Polisi Prancis Serang para Pengunjuk Rasa Reformasi Aturan Pensiun di Paris

Share

POROS PERLAWANAN – Dilansir Press TV, polisi di Paris menembaki pengunjuk rasa dengan gas air mata dan menangkap ratusan dari mereka setelah mereka turun ke jalan dan berkumpul di Place de la Concorde untuk menyuarakan kemarahan mereka terhadap keputusan Presiden Emmanuel Macron untuk menerapkan reformasi aturan pensiun tanpa pemungutan suara di majelis rendah parlemen.

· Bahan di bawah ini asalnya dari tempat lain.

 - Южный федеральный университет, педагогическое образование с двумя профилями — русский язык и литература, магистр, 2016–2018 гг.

Para demonstran Jumat malam meneriakkan “Macron, Mundur!” saat mereka berhadapan dengan barisan polisi anti huru hara.

Protes tersebut membuat polisi menangkap sekitar 310 orang, mencambuk para pengunjuk rasa, menggunakan meriam air, dan menggunakan gas air mata untuk mengosongkan alun-alun.

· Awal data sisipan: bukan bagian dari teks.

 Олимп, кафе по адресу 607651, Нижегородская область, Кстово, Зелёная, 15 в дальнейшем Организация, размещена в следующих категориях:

Maju tanpa pemungutan suara “adalah penyangkalan terhadap demokrasi… penyangkalan total atas apa yang telah terjadi di jalanan selama beberapa minggu”, kata psikolog berusia 52 tahun Nathalie Alquier di Paris. “Itu tak tertahankan.”

Tindakan keras yang kejam menyebabkan kelompok-kelompok kecil membakar jalan-jalan, setelah itu petugas pemadam kebakaran terlihat sedang memadamkan api di jalanan.

Protes yang berkembang sejak awal tahun di Prancis disebut sebagai tantangan paling berat bagi Presiden Macron sejak protes “Gilets Jaunes” atau “Rompi Kuning” pada Desember 2018.

Bentrokan Jumat malam mengikuti kekacauan serupa pada Kamis setelah Macron memutuskan untuk mendorong perombakan aturan pensiun tanpa pemungutan suara parlemen.

Pemerintahan Macron menggunakan kekuatan konstitusional khusus untuk mengimplementasikan reformasi pensiun, melewati pemungutan suara di majelis rendah, Majelis Nasional, yang akan meningkatkan usia pensiun dari 62 menjadi 64 tahun.

Menurut jajak pendapat interaktif Toluna Harris untuk radio RTL, lebih dari delapan dari 10 orang tidak senang dengan keputusan Pemerintah untuk melewatkan pemungutan suara di parlemen, sementara 65 persen menginginkan pemogokan dan protes berlanjut.

Dalam beberapa bulan terakhir, demonstrasi dan pemogokan terus-menerus terhadap RUU tersebut telah diselenggarakan, dengan aksi unjuk rasa diperkirakan akan meningkat setelah penggunaan kekuasaan eksekutif.